The only solution? Government intervention.

If Amazon Filled the Office Space that Nordstrom Is Shedding in the Russell Investments Center: What psychological effect would it have? The same as the one that Amazon's drilling and hammering into Macy's, as it prepares to move into the six floors the retailer recently shed in downtown Seattle. Nordstrom, however, told Puget Sound Business Journal's real estate reporter Marc Stiles that its shedding has nothing to do with the current retail apocalypse that's transforming many malls and some downtown areas into zombies. Stiles was told that the downsizing was "about bringing [Nordstrom's] teams closer together so that [they] can better collaborate, innovate and work together more efficiently. This isn't about reducing employee numbers."

Washington Is Too Cheap to Prepare for The Big One: In fact, Washington is so cheap it will not pay $500,000 to complete a tsunami study. For this and other reasons, all of which can be tied to austerity, Washington, whose senate was run by the GOP until the election on Nov 7, is, according to K5 News, the least prepared for earthquakes on the west coast.

Search Suspended For Missing Elk Hunter: The authorities, who have been searching for the man in Gifford Pinchot National Forest for four days, did find his pickup. The missing hunter is 37 and from Vancouver, Washington. Also, the search for two young snowboarders who went missing a week ago in the Mt. Baker Ski Area has been suspended due to bad weather. The families of the missing men, however, are still searching, still hoping to find them alive.
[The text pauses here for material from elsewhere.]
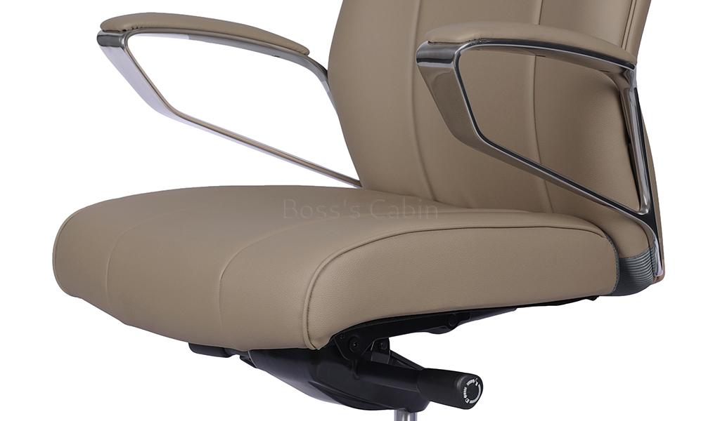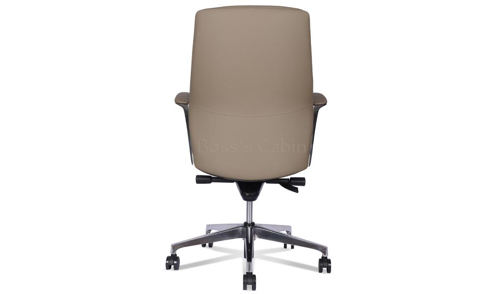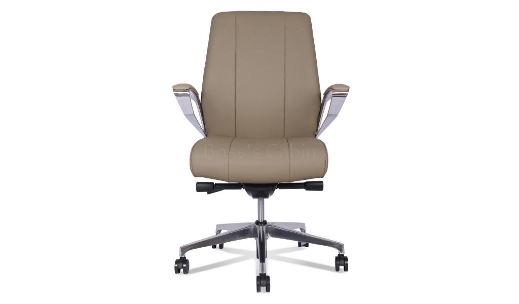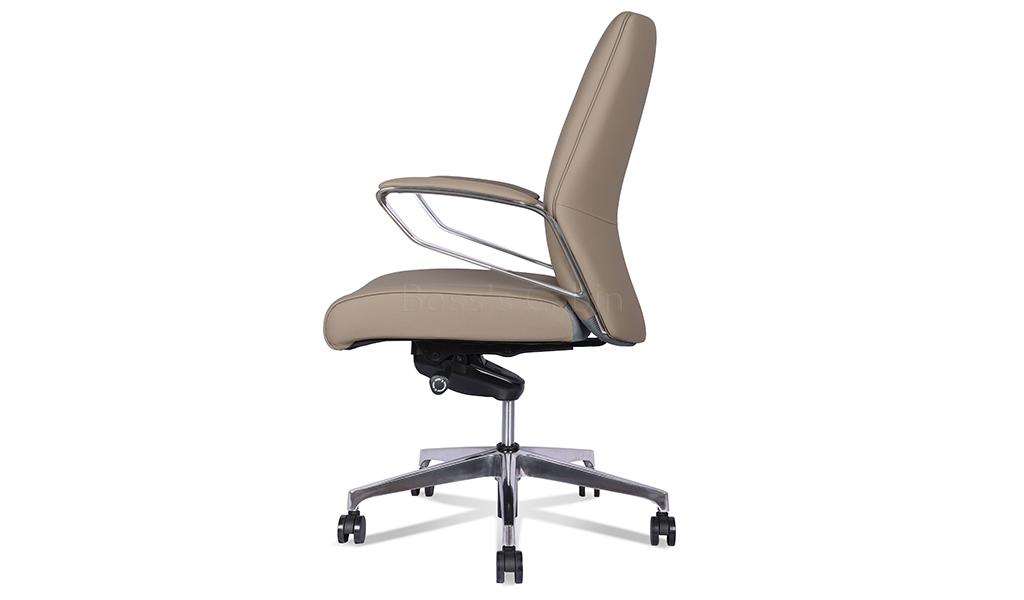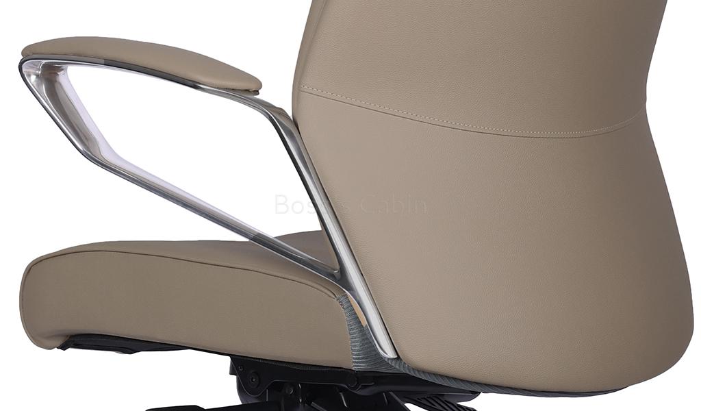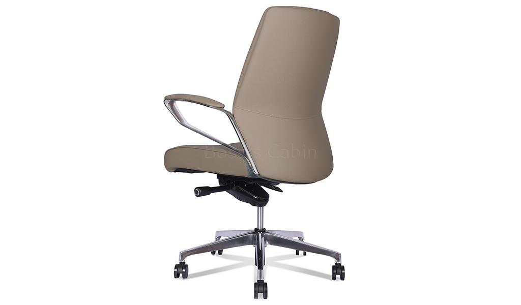 A medium back luxury office chair upholstered in rich water based artificial leather. Features and ergonomically shaped backrest, multi-layer molded foam seat, synchronized tilt mechanism with automatic tension control, 4 position locking, VFF polished aluminum alloy armrests with padding, class 4 gas lift and aluminum alloy five star base with PA castors. Part of the Calm series it is a perfect choice for a plush office.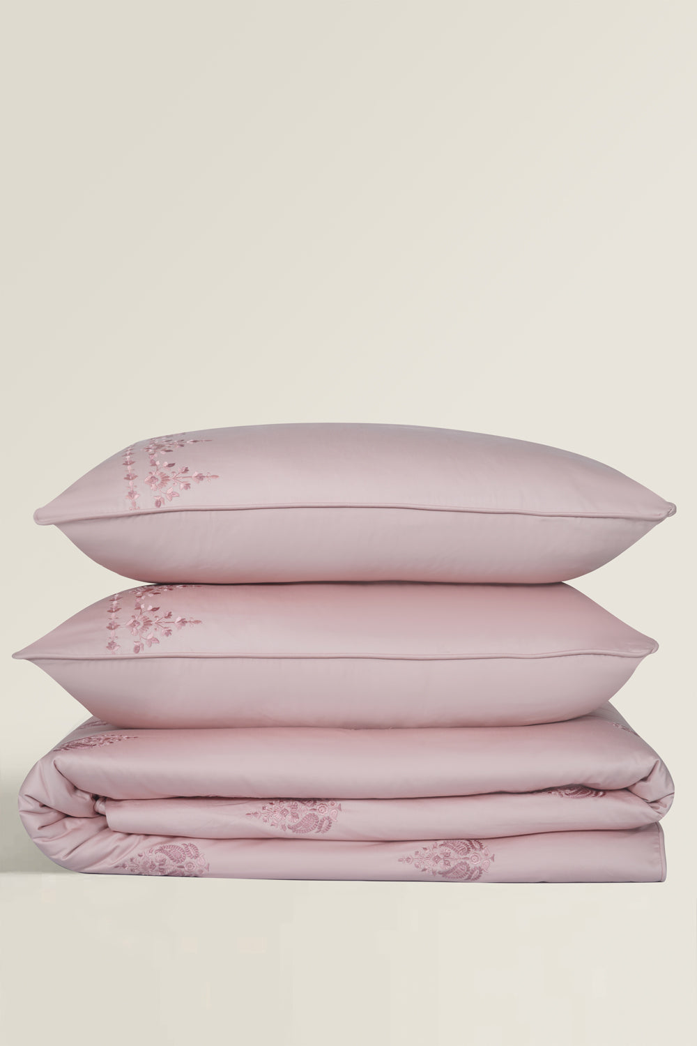 Indulgently soft, sateen weave bedding feels almost heavenly with 100% cotton. Our signature embroidered duvet cover set, offers a classic aesthetic appeal to match any style of décor. Available in luxurious colors and extravagantly soft and comfortable embroidered series.

He Did Not Live Forever: Charles Manson.

He Wants to Be President of Zimbabwe Forever: Robert Mugabe. If you want to read an excellent summary about the coup that's dethroning the "dozing dictator," go to this post by Andrew Malone. Rumor has it that Mugabe fainted upon being informed that the army was removing him from power. Fainted! As in, he lost consciousnesses and fell. His mind could not handle the surprise. It is a scene that must be filmed some day in Hollywood. The dictator fainting and falling on a couch (the couch is my addition).

Money, Money, Money



This image, which made such a sensation last week, really goes well with this passage in Rudolf Hilferding's 1910 masterpeice of Marxist economics, Finance Capital. A Study of the Latest Phase of Capitalist Development:
Just as, according to Ernst Mach, the ego is merely a focal point for an infinite variety of sensations, from the interplay of which it forms a picture of the world, so money is a knot in the skein of social relationships in a commodity producing society, a skein woven from the innumerable threads of individual exchanges. In money, the social relationships among human beings have been reduced to a thing, a mysterious, glittering thing the dazzling radiance of which has blinded the vision of so many economists when they have not taken the precaution of shielding their eyes against it.